“You can’t take good health for granted.”
~~ Jack Osbourne
I am so grateful that I am HIV Negative. And it really is a miracle that I am. A miracle.
My ex his HIV+. The two of us had a very active intimate life. I had no idea that he had bareback parties when I was at work.
At my age I also lived through the time when thousands and thousands of my brethren and friends were not only contracting HIV, but dying. I remember once in church during prayer time–when you could raise you had and ask for prayers–a beautiful young man raising his hand and sobbingly telling us he was positive. A few months later he was dead. Not too long after that a guy I had a big crush on found out he was HIV+ and he was dead in less than six months.
It was a dark and terrifying time. And somehow I was negative. I was no monk either, I should say that outright.
I really don’t know how I managed to get through so many near misses in my life, but I thank God and I am so grateful that it is so.
Today I went in for my annual HIV test and it was once again negative. And it was nice to know that when the tester/councilor asked me on a scale of one to ten how likely I think it is that my husband cheats on me, especially unsafely, that I was able to say “0.”

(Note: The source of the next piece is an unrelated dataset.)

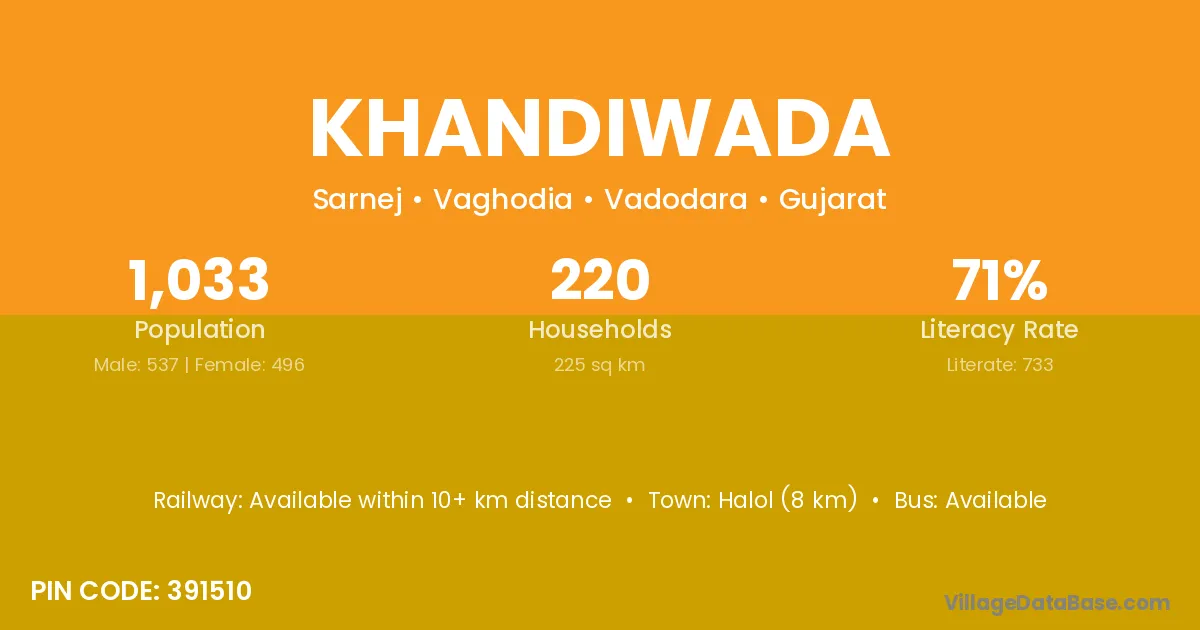 Halol (8 km) is the nearest town to Khandiwada village for major economic activities and is located approximately 8 km away.

I am also grateful for the rapid testing that is now available. Those days of getting a blood draw and then having to wait two weeks–two weeks!–to get the results are a thing of the past. One can still use that test, and also get tested for syphilis (which has risen two hundred percent in Kansas City in recent years), but it’s not required. Get tested without the nights and nights of restlessness and worry….
I pray for those who are HIV+. I am also offended, despite the hell I went though with my ex, when people say that so-and-so is an innocent victim of AIDS. I don’t know that even my ex was anything else. He was caught up in something that he sadly was unable to stop. I don’t know if it was low self esteem or what that drove him to have unsafe sex, but he was far, far from an evil man. In fact I owe him a lot. In some ways he helped make me a better man.
I pray for the day when we no longer have to worry about this disease. I pray for those who think it’s no big deal these days if they become poz. Because it is. It isn’t just as manageable as diabetes, which a lot of young people have somehow been led to believe.
And in the meantime I am so very grateful that I am HIV-.
Thank you Universe, Thank You God.
I am so grateful that words cannot express.